I'm not an expert in sociology, so I hope this comment is in line, this seems like a textbook example of the naturalistic fallacy. Paraphrasing from the Wikipedia page on the naturalistic fallacy: "what is natural is inherently good or right, and that what is unnatural is bad or wrong". The implication from the statement seems to be that privacy is a very recent phenomenon, something that hasn't existed long and therefore shouldn't be expected.
For most of human history humanity, as we know it, hasn't existed, and it changes all the time. You could take that as a point for either side of the argument, but if we're truly becoming a global village, that is a single village with 6.4 billion people in it, that makes me desire my own personal privacy all the more. The idea of privacy is to give people their own space, a small piece of calm refuge from the outside world, whether that world is a village or a metropolis (or a modern-day superposition of both).
And while privacy is certainly a recent creation, the idea has certainly been around for some time. Stanford's Encyclopedia of Philosophy page on Privacy (and critiques of privacy) lists Aristotle's writings as the first major work on privacy, in which he separates the "public sphere of politics and
political activity, the polis, and the private or domestic
sphere of the family, the oikos, as two distinct spheres of
life".
Societal Benefits
Dr. Alex Pentland, of MIT's Media Lab, leans more heavily on the benefit that can be taken from these large data mining projects, while still trying to protect a user's privacy:
DR. PENTLAND says there are ways to avoid surveillance-society
pitfalls that lurk in the technology. For the commercial use of such
information, he has proposed a set of principles derived from English
common law to guarantee that people have ownership rights to data about
their behavior. The idea revolves around three principles: that you
have a right to possess your own data, that you control the data that
is collected about you, and that you can destroy, remove or redeploy
your data as you wish.
...
Citing the epidemic involving severe acute respiratory syndrome, or
SARS, in recent years, he said technology would have helped health
officials watch the movement of infected people as it happened,
providing an opportunity to limit the spread of the disease.
“If I could have looked at the cellphone records, it could have been
stopped that morning rather than a couple of weeks later,” he said.
“I’m sorry, that trumps minute concerns about privacy.”

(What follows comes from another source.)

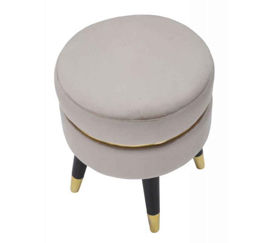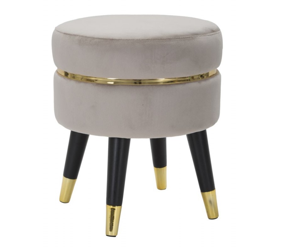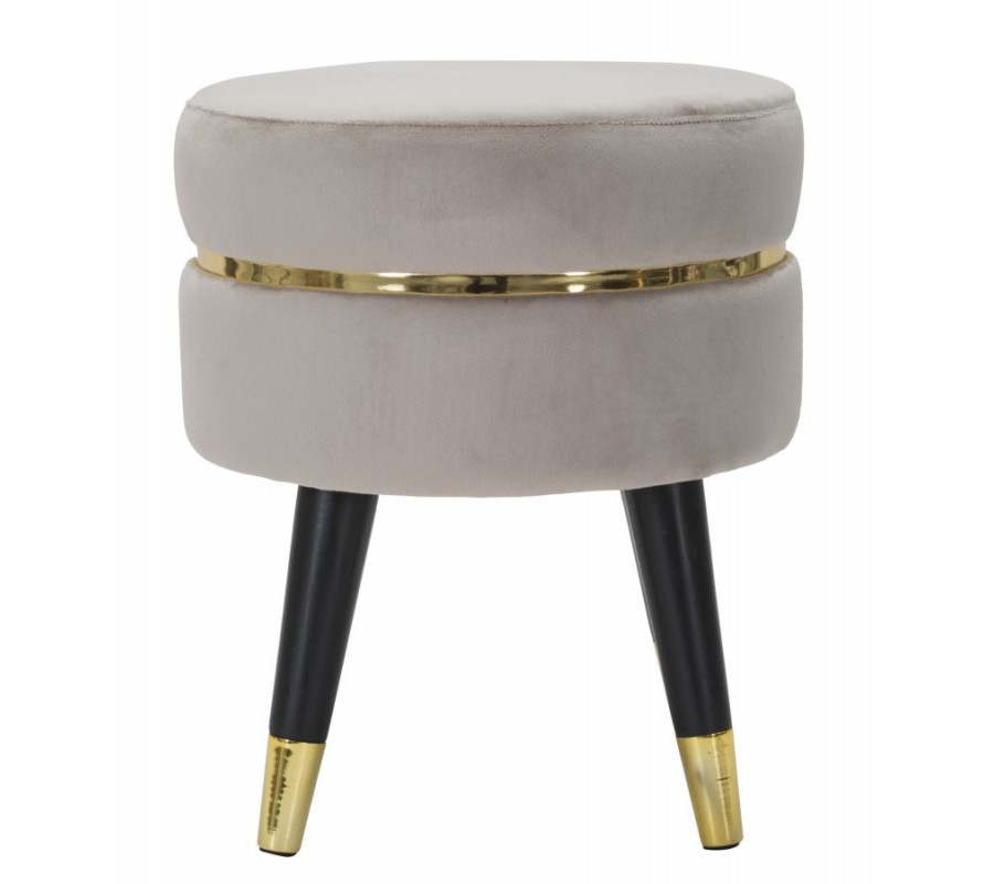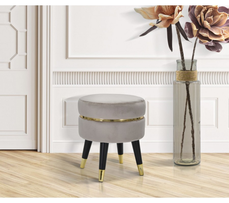Art deco kulatá čalouněná taburetka Laurentia se sametovým šedým potahem a černými nožičkami se zlatými detaily 40 cm

Infectious disease tracking seems to be one of the more immediate uses of tracking individual movements and actions within a population. Using search trends Google released a new tool several weeks ago called Google Flu Trends. It turns out that you can track the flu and, presumably, other diseases as well based on what people are searching for in a given area.
The only real concern is with the final quote. When we're talking about other people's cellphone records and other people's personal data, privacy concerns always seem minute. English Common Law principles don't apply to the massively digital world we've created today. The right to possess your own data and data that is collected about you relies on the implicit assumption that you know data is being collected about you.
Over the past several years surveillance, whether in the form of video cameras or online click-tracking, has increased considerably. Most people have no idea what information they're sending to remote webservers, and what databases that data gets entered into or where that data goes. To think of the amount of time it would take to try and track down companies that collect information online to request data about yourself is mind boggling. Every website you visit has pieces of information about you: IP address, operating system, browser, what other sites you've visited recently, etc.
In a world where massive data mining and statistical research work to peer into the seemingly inscrutable, a system of explicit opt-out doesn't seem like it would have any benefit for personal privacy whatsoever. Though, if the choice is between a person's privacy and a person's life, in the form of stopping the early spread of a disease, who's to say that privacy is worth the trade?